Unlike many other insurance joint ventures in India where foreign partners have the right to increase their stakes at a pre-determined  price, Max India has not made any such commitment to its new partner Mitsui Sumitomo Insurance of Japan. Mitsui became a partner  in Max Life Insurance in April this year, buying out the stake of US-based New York Life Insurance.

“Max India is under no obligation to divest additional stake to the existing joint venture partner. If we were to divest any stake, it would purely be a commercial decision to unlock the valuation from our life insurance business,” said Analjit Singh, chairman of Max India and Max Life Insurance.

Last week, the Cabinet approved legislative changes to raise the foreign direct investment limit in insurance to 49% from 26%. The government is expected to seek parliament’s nod to the move in the winter session.

New York Life, the original joint venture partners since 2000 had the right to increase its holding to 49% as and when the government relaxes FDI restriction of 26%. Mitsui Sumitomo, which had acquired a 26% stake in the insurance firm for Rs 2,731 crore, however, does not have similar rights.

Besides insurance behemoths, there are many long-term financial investors such as pension funds who are willing to invest in the Indian life insurance space but could not make any headway as the current limit of 26% is completely owned by the strategic insurance investors.

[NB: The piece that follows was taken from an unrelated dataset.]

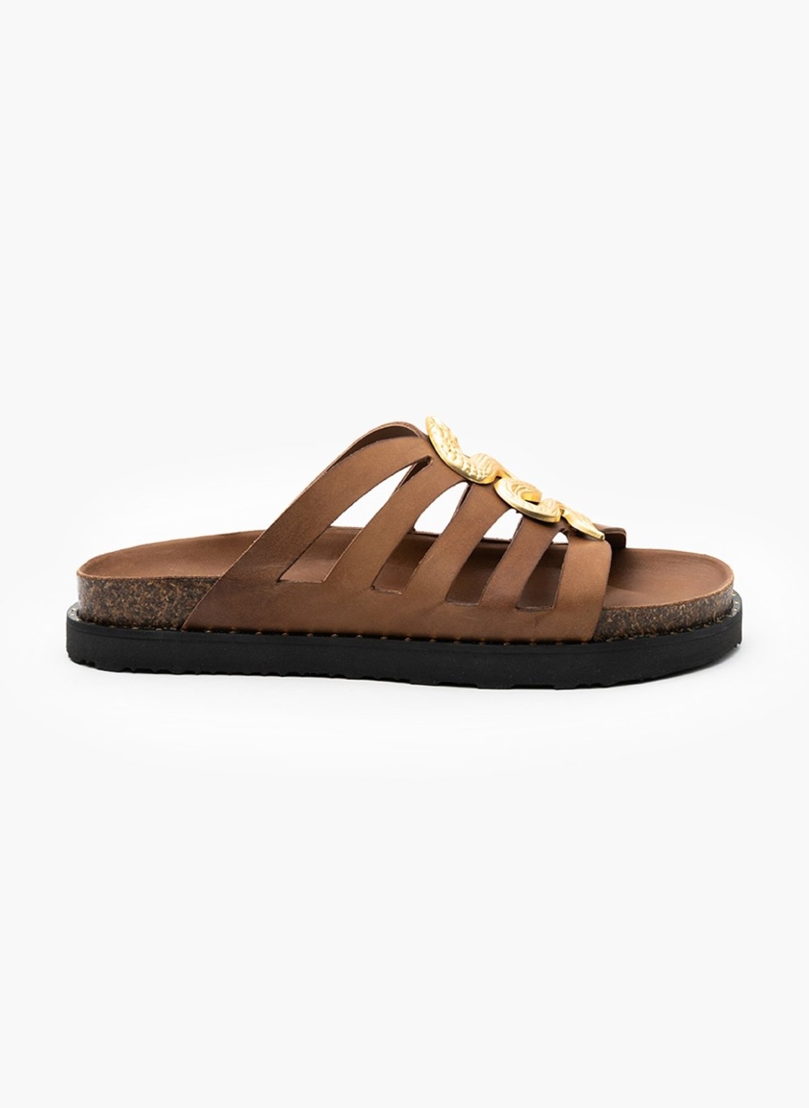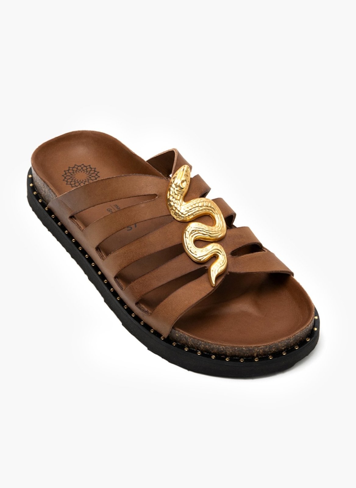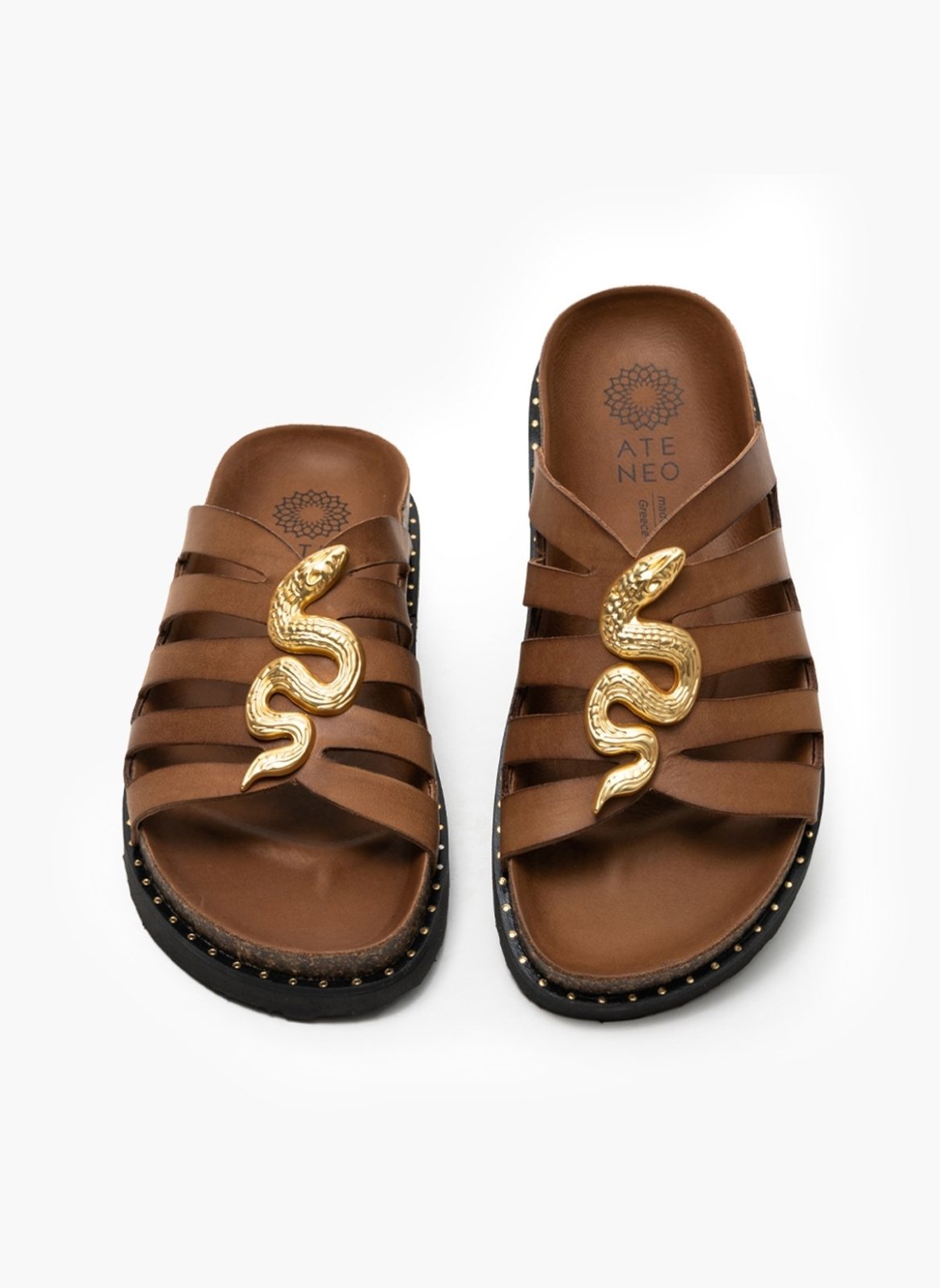 Σανδάλια δερμάτινα με ανατομικό σχήμα στον πάτο. έχει χωστή φάσα με ανοίγματα. Μεταλλικό ανάγλυφο φίδι. Φελλός περιμετρικά της σόλας. Ελληνικής κατασκευής.

The company is looking at setting a new benchmark for its valuation by financial investors. “Since Max India does not have immediate fund requirement, its expectation is much higher than the last valuation of Rs 10,500 crore for Max Life at which Mitsui had acquired 26% stake,” said another person familiar with the development.

“It is the largest non-bank promoted private life insurer today, and is widely appreciated for its agency model with a focus on selling long-term protection-oriented policies,” Singh said.

After the parliamentary approval to the proposal, companies like Max India would use the additional 23% FDI window as a lever to bolster their valuations.